**Recorded data**.
+++

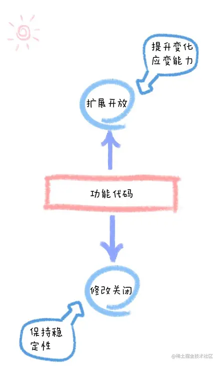 设计原则中所说的修改指的是对原有代码的修改,而扩展指的是在原有代码基础上的能力的扩展,并不修改原先已有的代码。这是修改与扩展的最大的区别,一个需要修改原来的代码逻辑,另一个不修改。因此才叫对修改关闭但是对扩展开放。弄清楚修改和扩展的区别之后,我们再想一想为什么要对修改关闭,而要对扩展开放呢? 我们都知道软件平台都是不断进行更新迭代的,因此我们需要不断在原先的代码中进行开发。那么就会涉及到一个问题如果我们的代码设计的不好,扩展性不强,那么每次进行功能迭代的时候都会修改原先已有的代码,有修改就有可能引入bug,造成系统平台的不稳定。因此我们为了平台的稳定性,需要对修改关闭。但是我们要添加新的功能怎么办呢?那就是通过扩展的方式来进行,因此需要实现对扩展开放。
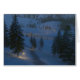 I denna fantastiska scen på en vinternatt leder en isig väg mellan snöborrningarna längs backe och över floden till en välkomststuga med ljus i fönstret. Spårvägen och stenstenarna över vatten tänds med varma glödande lyktor, och en brinnande eld bredvid väg sänder gnistor in i kallet nattetid luft.
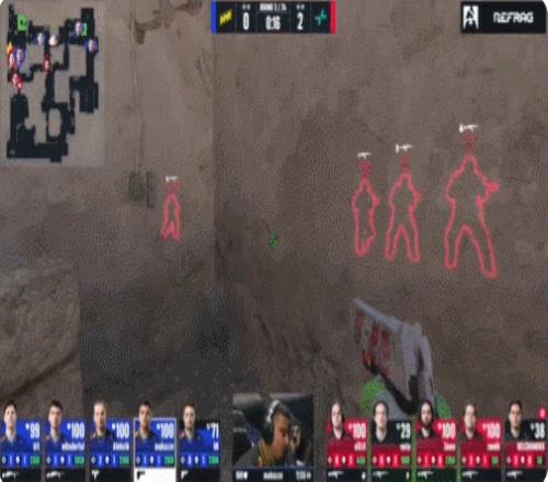 第10回合長槍局,makazze掃蕩A包點(diǎn)爆轟四殺,兩回合七殺,NAVI拿到第9分。
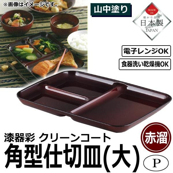 撥水性が高く汚れがつきにくいクリーンコート加工の角型仕切皿です。 製造国:日本 素材・材質:飽和ポリエステル樹脂・ABS樹脂ウレタン塗装 商品サイズ:約幅260×奥行190×高さ25mm 仕様:電子レンジ使用可食器洗い乾燥機使用可 ※サプライヤー直送品 ご注文後2~3営業日後の出荷となります【商品名】パール金属 漆器彩 クリーンコート 角型仕切皿大 赤溜 K-6133

+++

Return every line above exactly, omitting images.

 设计原则中所说的修改指的是对原有代码的修改,而扩展指的是在原有代码基础上的能力的扩展,并不修改原先已有的代码。这是修改与扩展的最大的区别,一个需要修改原来的代码逻辑,另一个不修改。因此才叫对修改关闭但是对扩展开放。弄清楚修改和扩展的区别之后,我们再想一想为什么要对修改关闭,而要对扩展开放呢? 我们都知道软件平台都是不断进行更新迭代的,因此我们需要不断在原先的代码中进行开发。那么就会涉及到一个问题如果我们的代码设计的不好,扩展性不强,那么每次进行功能迭代的时候都会修改原先已有的代码,有修改就有可能引入bug,造成系统平台的不稳定。因此我们为了平台的稳定性,需要对修改关闭。但是我们要添加新的功能怎么办呢?那就是通过扩展的方式来进行,因此需要实现对扩展开放。
 I denna fantastiska scen på en vinternatt leder en isig väg mellan snöborrningarna längs backe och över floden till en välkomststuga med ljus i fönstret. Spårvägen och stenstenarna över vatten tänds med varma glödande lyktor, och en brinnande eld bredvid väg sänder gnistor in i kallet nattetid luft.
 第10回合長槍局,makazze掃蕩A包點(diǎn)爆轟四殺,兩回合七殺,NAVI拿到第9分。
 撥水性が高く汚れがつきにくいクリーンコート加工の角型仕切皿です。 製造国:日本 素材・材質:飽和ポリエステル樹脂・ABS樹脂ウレタン塗装 商品サイズ:約幅260×奥行190×高さ25mm 仕様:電子レンジ使用可食器洗い乾燥機使用可 ※サプライヤー直送品 ご注文後2~3営業日後の出荷となります【商品名】パール金属 漆器彩 クリーンコート 角型仕切皿大 赤溜 K-6133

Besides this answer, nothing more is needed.